First, big retailers must understand wholesale customer segments and their competitive dynamics

First, big retailers must understand the customer segments in wholesale markets, the competitive dynamics of those segments, and the factors that make for success in each product category—all of which differ from their equivalents in retail segments. Without such an understanding, retailers will find it hard to select target segments or to give them the assortment, pricing, promotions, and services they need. Deli XL, for instance, thoroughly investigated the main requirements of the kinds of food service operators it wanted to serve before it developed its one-stop delivery wholesale model.

Second, retailers must decide on the most appropriate business system. Extending a retail system to the wholesale business won’t work; on the contrary, these companies will have to design their wholesale business systems from scratch, starting with their existing product knowledge and their new customers’ needs and then working backward with a business-to-business, wholesale mind-set and largely ignoring their retail operations. Ahold, for instance, designed the business system of Deli XL exclusively to serve wholesale clients, and Deli XL’s processes are separate from those of the retail business, with a different assortment and order-taking processes and a separate sales force. At a higher level, however, Ahold captures the synergies of the two businesses in bargaining power and brand recognition.

Finally, if a retailer is to persuade horeca players to trust its wholesale ventures, it must hone its service skills.
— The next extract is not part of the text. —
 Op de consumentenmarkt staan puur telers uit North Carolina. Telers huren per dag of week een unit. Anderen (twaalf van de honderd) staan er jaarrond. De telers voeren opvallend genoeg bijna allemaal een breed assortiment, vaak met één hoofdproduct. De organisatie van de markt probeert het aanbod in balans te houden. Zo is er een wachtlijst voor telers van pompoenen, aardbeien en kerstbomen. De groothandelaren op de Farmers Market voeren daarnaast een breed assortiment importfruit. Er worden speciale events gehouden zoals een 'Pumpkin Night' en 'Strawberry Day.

For most large retailers, this will mean investing in last-mile logistics, a sales force, the management of key customers, credit capabilities, and even brand awareness. Deli XL, for one, had to develop new warehousing and transport systems as well as new customer-service techniques to satisfy unfamiliar wholesale customers.

The challenge of Europe’s wholesale food and drink markets is a demanding one. But we believe that it is worth facing, especially because the food service segment—the biggest slice of an already large European pie—is still at stake. Companies that win a share of this segment now could enjoy huge advantages as it gets bigger.

About the Authors

Javier Castrillo is a principal and Jose Manuel Martinez is an associate principal in McKinsey’s Madrid office; Dieter Messner is an associate principal in the Vienna office.

Notes

1From this point onward, figures for the total food service market will exclude vending machines, gas stations, and convenience stores—alternative food service channels—which account for only a small fraction of food consumption in Europe.

2In many markets, including Germany, final consumers account for up to 80 percent of cash-and-carry sales, although this is not strictly legal, as cash-and-carry customers should have business licenses.

3Measured as earnings before interest and taxes (EBIT) over sales.

4The one-stop-shop delivery wholesale business model has been well developed in the United States by, for example, SYSCO and U.S. Foodservice. The concept exists in Europe but is relatively undeveloped there.

5Food service operators increasingly want to minimize the cooking workload in their own kitchens. Precooked products therefore represent a big opportunity for those wholesalers that can provide food service kitchens with a good range of offerings.